我们之前使用 transformer 和 MLflow 设置了一个机器学习模型 (MPT)，它可以处理自然语言输入并生成相应的输出。现在，我们来看看模型如何处理输入（指令），生成任务提示，然后产生响应。

_build_prompt 方法

def _build_prompt(self, instruction):
    """
    This method generates the prompt for the model.
    """
    INSTRUCTION_KEY = "### Instruction:"
    RESPONSE_KEY = "### Response:"
    INTRO_BLURB = (
        "Below is an instruction that describes a task. "
        "Write a response that appropriately completes the request."
    )

    return f"""{INTRO_BLURB}
    {INSTRUCTION_KEY}
    {instruction}
    {RESPONSE_KEY}
    """

目的：此方法负责生成将提供给模型的文本提示。提示结合了任务描述、指令（即用户给出的输入）和模型应生成响应的标签。

解释：

INSTRUCTION_KEY = "### Instruction:" 和 RESPONSE_KEY = "### Response:" 是预定义标签。
INTRO_BLURB 介绍任务，告诉模型输入是一条指令，并且输出应为响应。
最后的返回语句以模型可读的方式格式化提示。

示例：

如果传递的指令是 "Translate the sentence 'Hello, how are you?' into French."，则生成的提示将是：

Below is an instruction that describes a task. Write a response that appropriately completes the request.
### Instruction:
Translate the sentence 'Hello, how are you?' into French.
### Response:

predict方法

def predict(self, context, model_input, params=None):
    """
    This method generates prediction for the given input.
    """
    prompt = model_input["prompt"][0]
    temperature = params.get("temperature", 0.1) if params else 0.1
    max_tokens = params.get("max_tokens", 1000) if params else 1000

    prompt = self._build_prompt(prompt)

    # Encode the input and generate prediction
    encoded_input = self.tokenizer.encode(prompt, return_tensors="pt").to("cpu")
    output = self.model.generate(
        encoded_input,
        do_sample=True,
        temperature=temperature,
        max_new_tokens=max_tokens,
    )

    # Remove the prompt from the generated text
    prompt_length = len(self.tokenizer.encode(prompt, return_tensors="pt")[0])
    generated_response = self.tokenizer.decode(
        output[0][prompt_length:], skip_special_tokens=True
    )

    return {"candidates": [generated_response]}

目的： predict 方法根据提供的输入从模型生成预测（响应）。

分步说明：

a) 从输入中提取提示

prompt = model_input["prompt"][0]

model_input 是一个包含输入提示的字典。

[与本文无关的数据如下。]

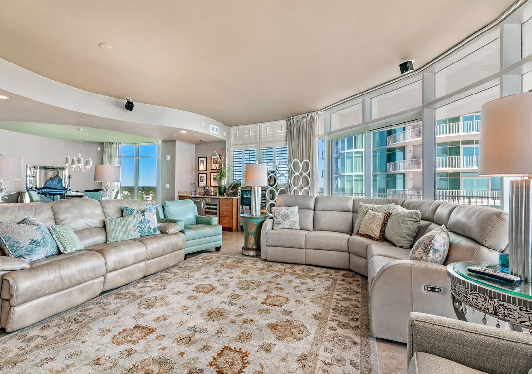 Experience the ultimate coastal getaway in this stunning 9th-floor corner unit at Turquoise Place, a premier destination in Orange Beach. This professionally decorated, 4-bedroom, 4.5-bath condo offers over 3,600 square feet of luxury, complemented by breathtaking views of the Gulf Coast's pristine white sands and emerald waters. The open floor plan, floor-to-ceiling glass windows, and modern beach-inspired décor create a sophisticated yet inviting atmosphere, perfect for relaxation and rejuvenation. Situated on over 900 feet of Gulf frontage, Turquoise Place redefines opulence and style as the most luxurious resort in Orange Beach.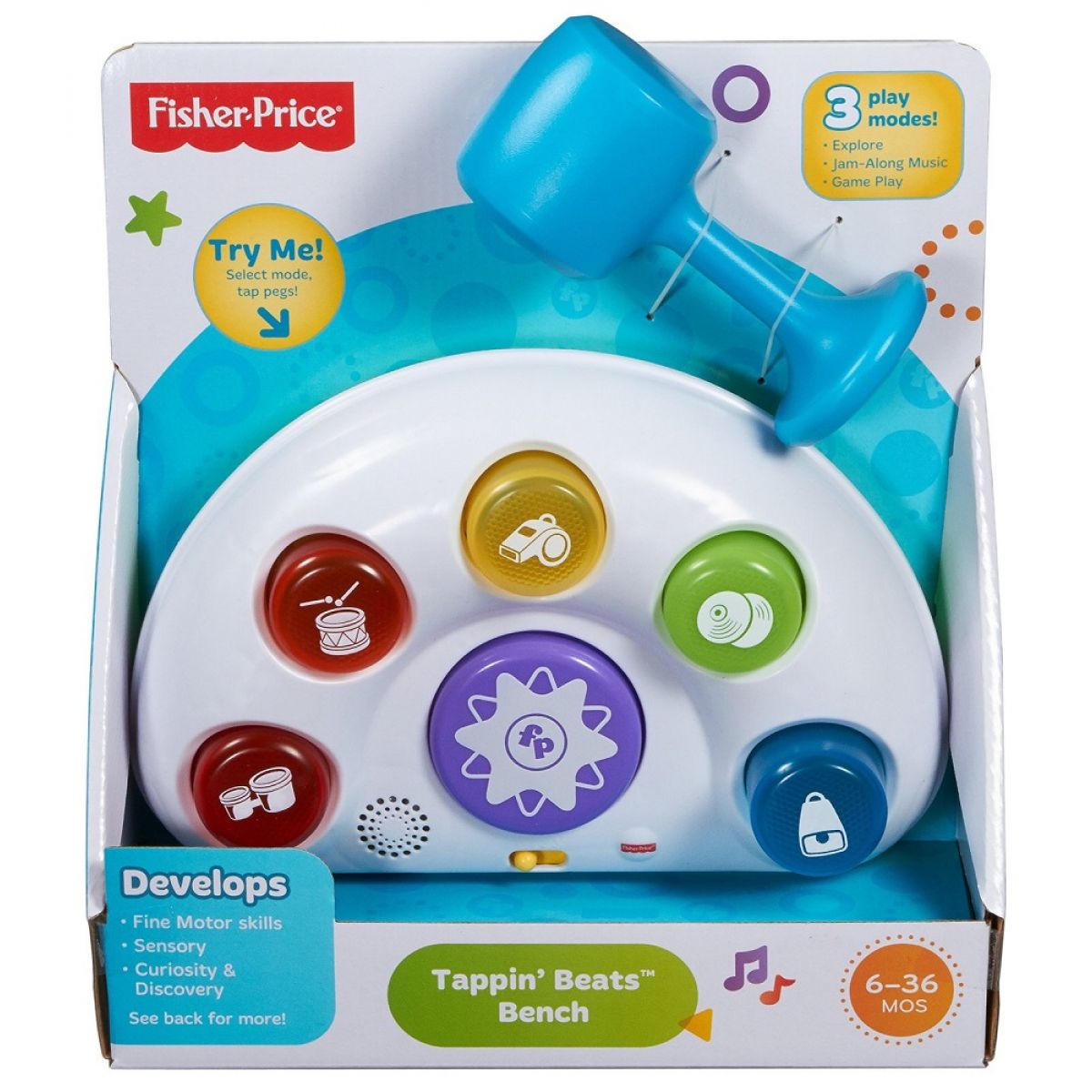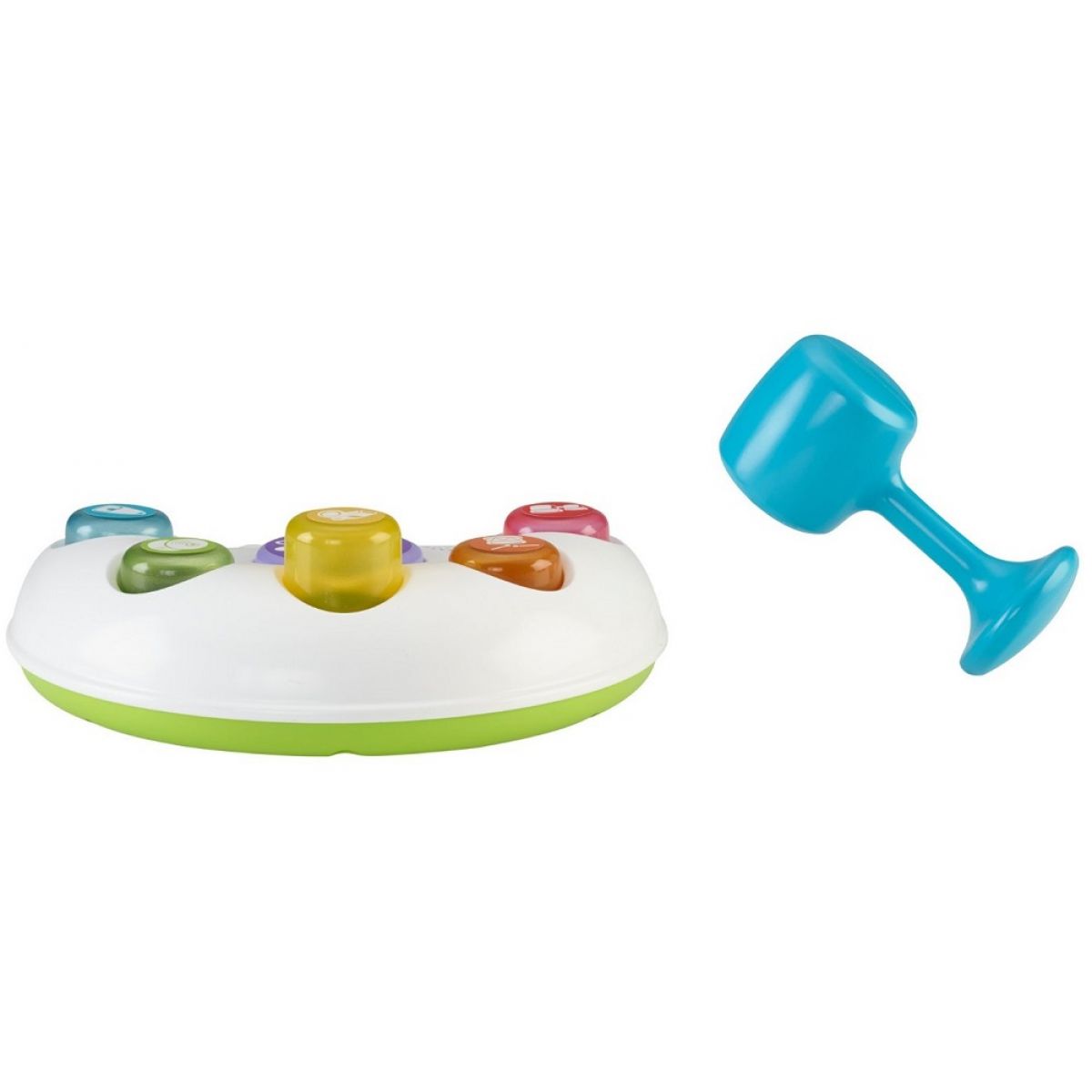Tolik hudby, světla a různých zvuků! To všechno pomocí snadno uchopitelného kladívka! Stačí jen uhodit do některého z pěti kolíků! Když dítko stiskne fialové tlačítko, kolíky vyskočí zpět a zábavná hra může pokračovat! Hra obsahuje tři úrovně pro děti různých věkových skupin. Úroveň 1 „Prozkoumávání, úroveň 2 „Jamování” a úroveň 3 „Hra“. Uchopení kladívka a práce s ním posiluje jemné motorické dovednosti a koordinuje pohyb očí a rukou. Hra přirozenou formou seznamuje dítko s příčinou a důsledkem.

第一个元素 ( [0]) 被提取为模型将用于生成响应的提示。

示例：如果 model_input 是 {"prompt": ["Translate the sentence 'Hello, how are you?' into French."]}， prompt将是 'Translate the sentence 'Hello, how are you?' into French.'。

b) 设置参数（ temperature， max_tokens）

temperature = params.get("temperature", 0.1) if params else 0.1
max_tokens = params.get("max_tokens", 1000) if params else 1000

temperature 控制模型响应的创造性或随机性。较低的温度（例如 0.1）意味着模型将生成更可预测的响应。

max_tokens 限制生成的输出的长度。如果未指定，则默认为 1000 个标记。

示例：如果 params 为 {"temperature": 0.5, "max_tokens": 150}，则模型将生成稍微更有创意的响应，最多为 150 个标记。

c) 生成完整的提示

prompt = self._build_prompt(prompt)

提示 prompt被传递给 _build_prompt方法，该方法使用指令和响应标签对其进行格式化。

示例：生成的最终提示将如下所示

Below is an instruction that describes a task. Write a response that appropriately completes the request.
### Instruction:
Translate the sentence 'Hello, how are you?' into French.
### Response:

d) 对输入提示进行编码

encoded_input = self.tokenizer.encode(prompt, return_tensors="pt").to("cpu")

prompt被编码为模型可以使用分词器理解的格式。

然后将编码的输入转换为张量，这是 PyTorch 使用的数据结构（记住，我们导入了 torch）。

to("cpu") 确保输入在 CPU 上处理（尽管如果需要可以切换到 GPU）。

e) 生成输出

output = self.model.generate(
    encoded_input,
    do_sample=True,
    temperature=temperature,
    max_new_tokens=max_tokens,
)

现在要求模型根据 encoded_input生成响应。

do_sample=True表示模型可以生成创造性的响应（采样），而不仅仅是最有可能的响应。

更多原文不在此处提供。